# Bus an train collide in Canada



## RiotSecurity (Sep 18, 2013)

I was close to the crash when it happened. I heard the police rushing to the crash sight.


http://www.ottawacitizen.com/news/ottawa/Multiple+fatalities+train+transpo+collision/8927263/story.html


----------



## 365Networks (Sep 18, 2013)

The bus' front end looks completely mangled! Very scary indeed.


----------



## RiotSecurity (Sep 18, 2013)

As of 2 hours ago, 6 confirmed dead.


----------



## drmike (Sep 18, 2013)

So, do they use these double deckers for normal morning metro transit buses?  Never been a fan of their safety generally.
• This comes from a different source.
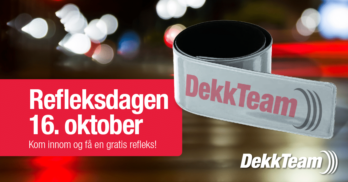 Vi i DekkTeam jobber stadig med å gjøre hverdagen tryggere for alle som ferdes på veien. Det er ikke bare dekk, hjul og veigrep som kan bedre sikkerheten på veiene. Når høsten, vinteren og mørket stiger på, er fotgjengere og passerende i trafikken umulige å se hvis de ikke har lys eller refleks på seg. Fest en refleks, og gjerne flere på jakken, sekken eller baggen, så kan du ferdes tryggere i mørket.

I don't see any of them here and haven't in many years.

What is the cause of the accident?  Failed signs/train crossing?   Bus parked on the tracks?

Sad.


----------



## RiotSecurity (Sep 18, 2013)

buffalooed said:


> So, do they use these double deckers for normal morning metro transit buses?  Never been a fan of their safety generally.
> 
> I don't see any of them here and haven't in many years.
> 
> ...


From what is being speculated:

The bus driver had a heart attack or he was just not paying attention/day dreaming.


----------



## Echelon (Sep 18, 2013)

Seems quite a bit is on lockdown right now. They're still unsure what happened other than presumably the bus driver went through the barrier and passengers shouting to stop.


----------



## Echelon (Sep 19, 2013)

Wanted to post a link in here for those who are interested in more info. http://www.reddit.com/r/ottawa/comments/1mn11b/a_train_just_hit_a_bus_at_fallowfield_station/


----------



## drmike (Sep 19, 2013)

Reddit is love/hate.   Hard to get concise info blocks.

Has there been some news since yesterday on the cause and have there been additional fatalities?  Saw the double decker photo just now, yikes.


----------



## jarland (Sep 19, 2013)

Sad. I can't help but think though, that this just confirms your identity.


----------



## RiotSecurity (Sep 19, 2013)

jarland said:


> Sad. I can't help but think though, that this just confirms your identity.


And whom may that be?

Lots of people live in Canada.

Please, elaborate


----------



## jarland (Sep 19, 2013)

RiotSecurity said:


> And whom may that be?
> 
> 
> Lots of people live in Canada.
> ...


But not lots of script kiddies who enjoy a good whmcs exploit and surfaced right around the time Curtis G went batshit


----------



## RiotSecurity (Sep 19, 2013)

jarland said:


> But not lots of script kiddies who enjoy a good whmcs exploit and surfaced right around the time Curtis G went batshit


Interesting, however you souldn't de-rail the thread with your offtopicness.


----------



## jarland (Sep 19, 2013)

RiotSecurity said:


> Interesting, however you souldn't de-rail the thread with your offtopicness.


Don't tell me what to do.


----------



## drmike (Sep 19, 2013)




----------



## RiotSecurity (Sep 19, 2013)

jarland said:


> Don't tell me what to do.


Well, at least I tried. HOwever if you want to pull a lowend then go ahead.


----------